Hillsong pastors readily point out that all their songs are reviewed for theological accuracy. But when it comes to songs like “Wake” and “Only Wanna Sing,” what is there to review?

Doctrinal Gaps and Malpractice

Not all Hillsong worship songs suffer from ambiguity; some evidence attempts to be more theologically concrete. “What a Beautiful Name” is one example where the biblical themes are at least discernible.

The first verse references Christ’s eternality and deity: “You were the Word at the beginning / One with God the Lord Most High” (cf. John 1:1). Later, the song’s bridge refers to His resurrection: “Death could not hold You / The veil tore before You . . . For You are raised to life again.” And throughout the song, Christ is referred to as King.

However, the second verse is a great example of the doctrinal maladies that plague most of the Hillsong catalogue—malpractice, man-centeredness, and missing information.

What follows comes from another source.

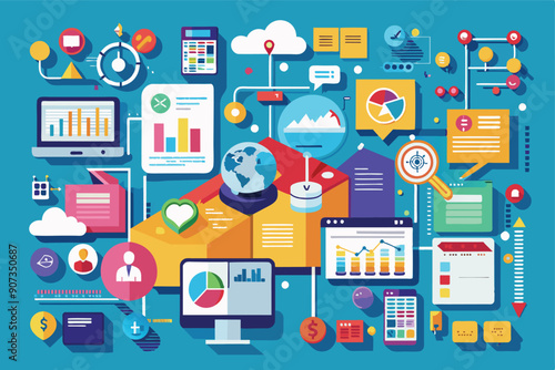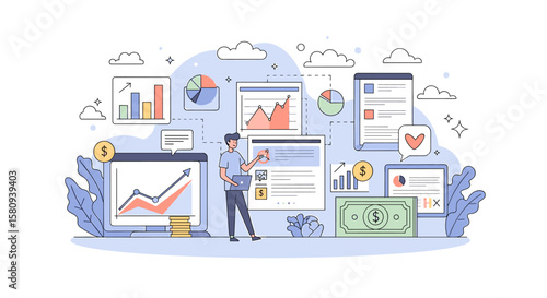 Шаблон баннера плаката социальной сети. Векторный дизайн в плоском стиле с тонкими линиями с забавными персонажами мультфильмов, социальными сетями, символами связи, значками для баннеров веб-сайтов и печатных материалов.

You didn’t want heaven without us
So Jesus You brought heaven down
My sin was great, Your love was greater
What could separate us now . . .

The writer of “What a Beautiful Name” would have us believe that the reason for Christ’s life, death, and resurrection was because He “didn’t want heaven without us.” That’s a nice sentiment, but it’s not remotely biblical. In fact, it’s doctrinal malpractice by people who should know better. 

Nowhere does the Bible state that an unsatisfying solitude in heaven was God’s reason for redeeming people. Rather, the theme that resounds throughout Scripture is God’s desire to glorify Himself by redeeming sinners. Romans 3:21–26 explicitly describes Christ’s atonement as the display of God’s righteousness. Undoubtedly, the cross was also the demonstration of God’s great love for sinners (John 3:16), but that doesn’t mean He was lonely without us.

Furthermore, that unbiblical statement flows out of the man-centered worldview that permeates almost everything Hillsong does. Rather than seeing ourselves as the undeserving beneficiaries of God’s redemptive plan, we become the central characters in a story that’s meant to glorify God.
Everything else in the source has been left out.